Я влюбился в море, оно привлекало меня всегда, а после пустыни стало оазисом в котором боль души была не так заметна. Я часами наблюдал как меняется его цвет в зависимости от времени суток, от погоды. Накупил кучу литературы, и если не плавал и не сидел у моря, то что-нибудь о нем читал. Шум, запах моря успокаивали, иногда я забывал, что было со мной в пустыне, забывал в кого я превратился.
 Привычка быть одному, молчать, не требовала знакомств и разговоров с людьми. Люди тяготили, я быстро уставал от них, поэтому  не стремился к постоянным знакомствам. Я ничего не мог дать людям, кроме своего молчаливого присутствия. В местных барах я встретил разношерстную публику, привычка наблюдать за людьми не исчезла. Не буду говорить о своих выводах насчет представителей разных государств, одно могу сказать, что я сам был довольно интересный экземпляр. Местные бармены довольно скоро прозвали меня «кочевник». Я не злился, куда деваться от правды. Но, видимо, так думал я, а как показали последующие события, я как и все люди стремился к себе подобным.
***
Собирался небольшой шторм, я убрал то немногое, что было на моем пляже и решил напоследок нырнуть с аквалангом. Под водой была своя жизнь, и я присоединился к ней, насколько хватало воздуха в баллонах. Утонуть я не боялся, как вы понимаете, для меня это было бы благо. Когда возвращался меня немного протащило по дну, эти царапины вызвали лишь усмешку: «море, ты не отпускаешь меня?»

- Помогите, пожалуйста, помогите..., - я оглянулся. Женщина призывно махала мне руками. Раньше я не видел соседей справа. - Ради бога, помогите, - она показывала рукой на свой пляж, – у меня не хватает сил.

Я увидел перевернутое инвалидное кресло, рядом на песке валялся мужчина. Именно валялся, иначе это не назовешь, он был неестественно прям, а руки подогнуты под тело. Я быстро вышел из воды, скинул акваланг и перемахнул через изгородь. Никогда не был слабаком, но поднять это худое маленькое тело..., требовался тяжеловес и не один. Я удивленно отпрянул.
- Нет, так не получиться, – сказала женщина: - у него приступ. Мышцы напряжены, его выпрямляет, он сейчас как бревно.
Понятно, напряженное тело всегда тяжелее.
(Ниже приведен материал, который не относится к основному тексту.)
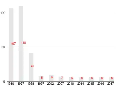 | 1910 | 1927 | 1958 | 1997 | 2007[12] | 2010[13] | 2014[14] |

Я попытался усадить мужчину в инвалидное кресло. Ни один сустав у него не согнулся, но появилась хоть какая-то возможность увезти его с пляжа.
- Это пройдет – говорила женщина, помогая мне выталкивать коляску из песка. Мы все уже стали мокрыми, ветер хлестал, неся с собой соленые брызги. Вода прибывала. Кое-как приподняли кресло на бетонную дорожку, и я уже лишь с усилием, необходимым для склона, толкал кресло в горку к дому соседей.
- У него это пойдет. Он просто занервничал, когда упал… - В доме женщина засуетилась вокруг мужа, я как не нужный свидетель ушел к себе.
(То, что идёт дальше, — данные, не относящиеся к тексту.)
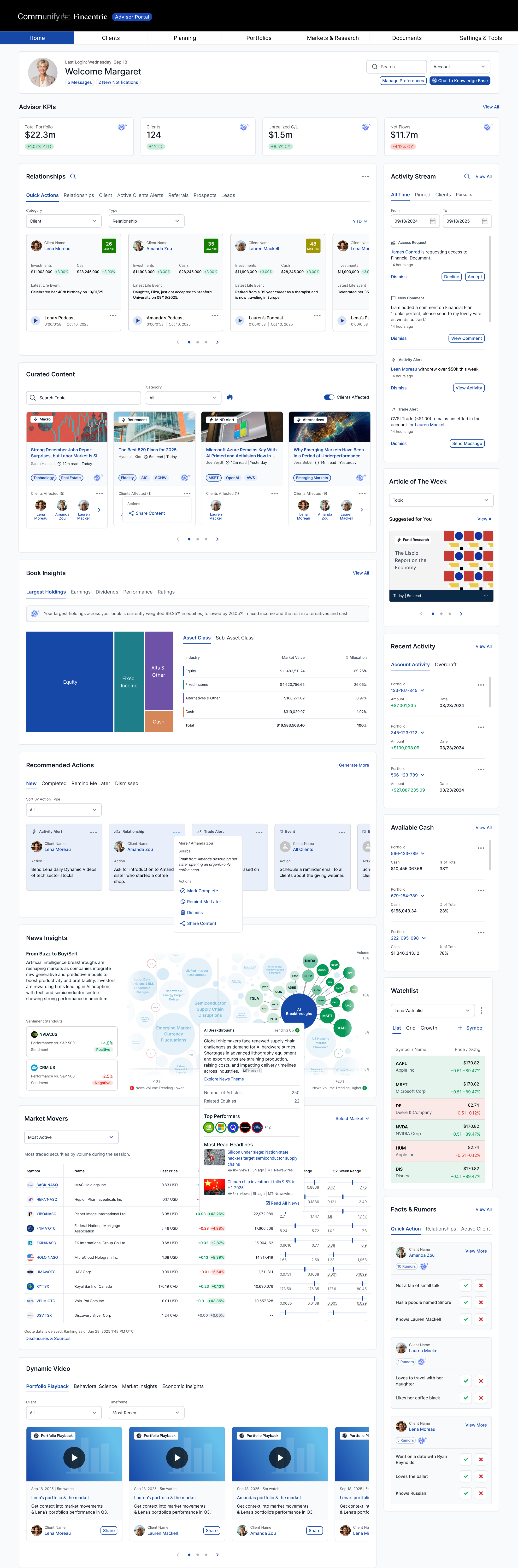 Old curated content had no connection to clients and their holdings. Now the adviosr can see

Шторм утих к утру, светило солнце и все было как всегда: тихо и светло. Я стоял у кромки пляжа, глубоко вдыхая сырой, пахнущий солью и сладким запахом гнили воздух моря.
- Извините меня, пожалуйста. - Я увидел вчерашнюю женщину.- Нам очень не удобно, мы не успели вас поблагодарить.
- Ничего страшного, - отозвался я, - бывает.
- Нет, нет. Мы с мужем приглашаем вас на ужин.- Я хотел отказаться, но она опередила меня: - Если, конечно, у вас нет других планов. - При этом у нее были такие умоляющие глаза, что я скрипя сердцем согласился.
 
Вечером я познакомился со своими соседями: Лидией и Леви. Эта супружеская пара жила на побережье уже несколько лет. Леви так же как и я почти ни с кем не общался, но целыми днями смотрел новости, и страшно любил обсуждать события в мире. Я смотрел телевизор, но мне было интересно наблюдать, как он рассуждает, переживает катаклизмы, а его жена тихо улыбаясь сидит рядом, не слушая его, просто наслаждается звуком его голоса. Я понял, от меня не требуется ни споров, ни быть интересным собеседником, а нужно просто мое присутствие. Надо признаться, мне у них понравилось. Я прикоснулся к чему-то давно забытому. Ушел я поздно, предварительно пообещав, обязательно прийти завтра.
Я стал изредка заходить к ним, в основном по их зову. Иногда подвозил Лидию до магазинов, или смотря на гладь моря слушал рассуждения Леви о политике. Для меня стало открытием, что я стал им не просто соседом, а членом семьи, без которого не садились ужинать, если я задерживался.
Для меня эта семья стала такой же отдушиной, как и море.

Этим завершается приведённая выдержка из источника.